* **Exercise**:
Every line of the data below is to be duplicated exactly, pictures excepted.

* **Data block**:
***

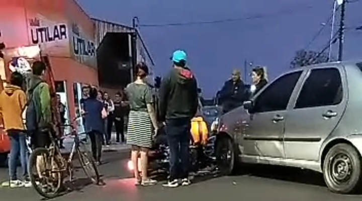 A colisão entre um carro e uma moto na esquina da Avenida Brasil com a Rua Araújo de Porto Alegre, zona norte de Cachoeira do Sul, deixou um motoboy ferido no início da noite deste sábado, 15.
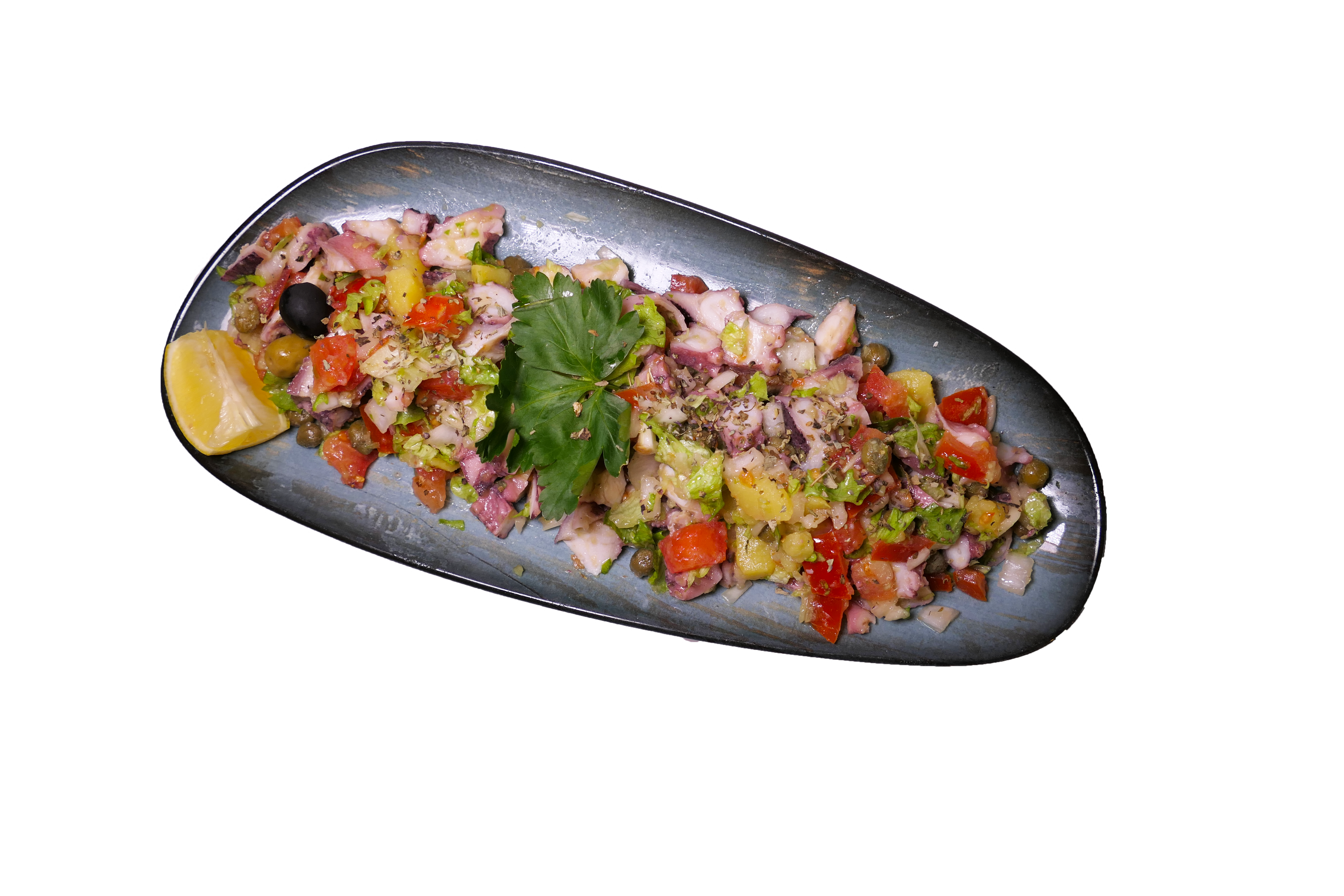 Zelena salata sa lignjama, krompirom, paradajzom i lukom
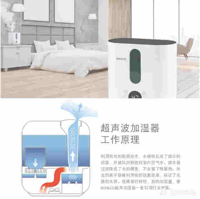 超聲波加濕器的原理是利用內置的霧化器高頻震蕩將水打散成細小的水珠,然后水霧被風扇吹出從而加濕空氣。這樣的霧氣其實是直徑很小的水珠,里面會還有原來水的一些成分,比如鈣鎂礦物質,所以比較容易產生白粉現象。購買這類超聲波加濕器的時候需要注意選擇有比較好的水處理技術的品牌,能減少孢粉產生。
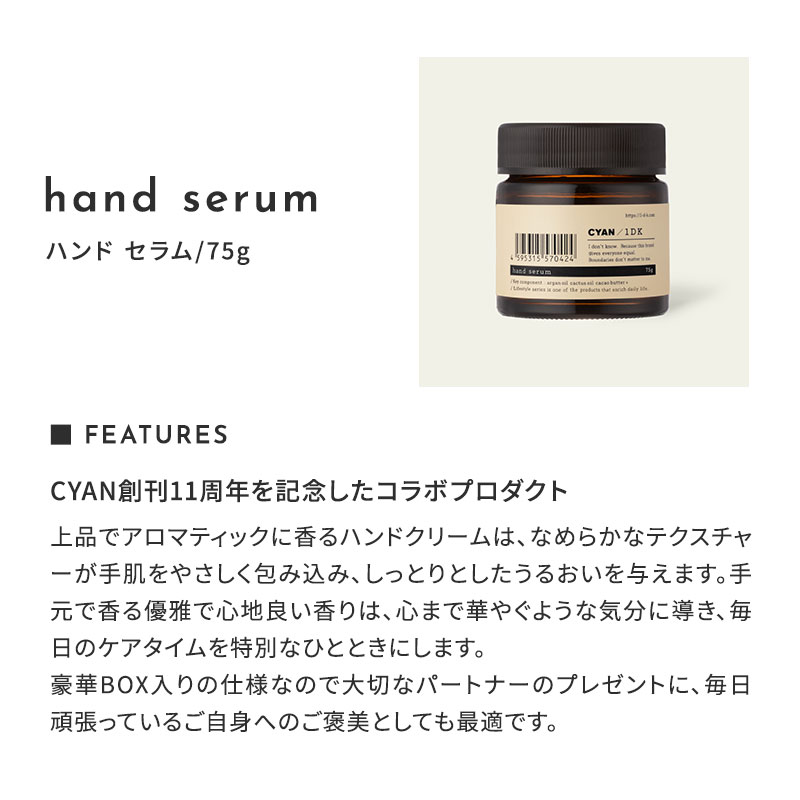 上品でアロマティックに香るハンドクリームは、なめらかなテクスチャーが手肌をやさしく包み込み、しっとりとしたうるおいを与えます。

***

* **Response to the exercise**:
 A colisão entre um carro e uma moto na esquina da Avenida Brasil com a Rua Araújo de Porto Alegre, zona norte de Cachoeira do Sul, deixou um motoboy ferido no início da noite deste sábado, 15.
 Zelena salata sa lignjama, krompirom, paradajzom i lukom
 超聲波加濕器的原理是利用內置的霧化器高頻震蕩將水打散成細小的水珠,然后水霧被風扇吹出從而加濕空氣。這樣的霧氣其實是直徑很小的水珠,里面會還有原來水的一些成分,比如鈣鎂礦物質,所以比較容易產生白粉現象。購買這類超聲波加濕器的時候需要注意選擇有比較好的水處理技術的品牌,能減少孢粉產生。
 上品でアロマティックに香るハンドクリームは、なめらかなテクスチャーが手肌をやさしく包み込み、しっとりとしたうるおいを与えます。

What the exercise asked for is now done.